YOUR TASK
Retype, word for word, each line between the lines holding "Опубликовать в своих" and "7. 7. 5 Chinese", inclusive, and leave the rest of the data alone.

THE DATA

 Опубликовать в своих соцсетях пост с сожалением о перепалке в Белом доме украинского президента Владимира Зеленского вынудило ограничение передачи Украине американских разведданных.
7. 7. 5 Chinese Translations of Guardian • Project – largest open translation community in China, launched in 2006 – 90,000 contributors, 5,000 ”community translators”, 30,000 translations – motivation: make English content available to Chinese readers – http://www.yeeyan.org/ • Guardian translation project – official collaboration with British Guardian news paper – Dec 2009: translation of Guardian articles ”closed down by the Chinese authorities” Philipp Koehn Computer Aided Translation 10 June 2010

==

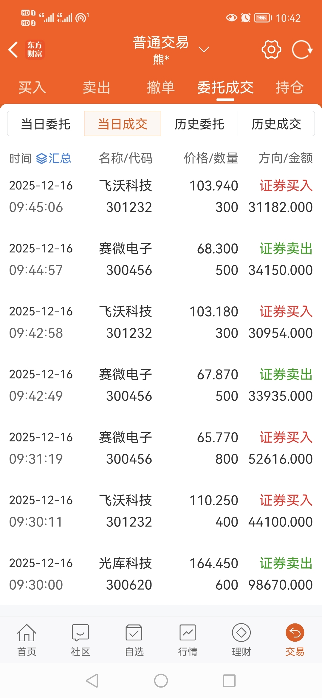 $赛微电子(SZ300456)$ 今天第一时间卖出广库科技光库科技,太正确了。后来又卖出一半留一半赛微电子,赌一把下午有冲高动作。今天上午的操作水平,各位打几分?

RESULT
 Опубликовать в своих соцсетях пост с сожалением о перепалке в Белом доме украинского президента Владимира Зеленского вынудило ограничение передачи Украине американских разведданных.
7. 7. 5 Chinese Translations of Guardian • Project – largest open translation community in China, launched in 2006 – 90,000 contributors, 5,000 ”community translators”, 30,000 translations – motivation: make English content available to Chinese readers – http://www.yeeyan.org/ • Guardian translation project – official collaboration with British Guardian news paper – Dec 2009: translation of Guardian articles ”closed down by the Chinese authorities” Philipp Koehn Computer Aided Translation 10 June 2010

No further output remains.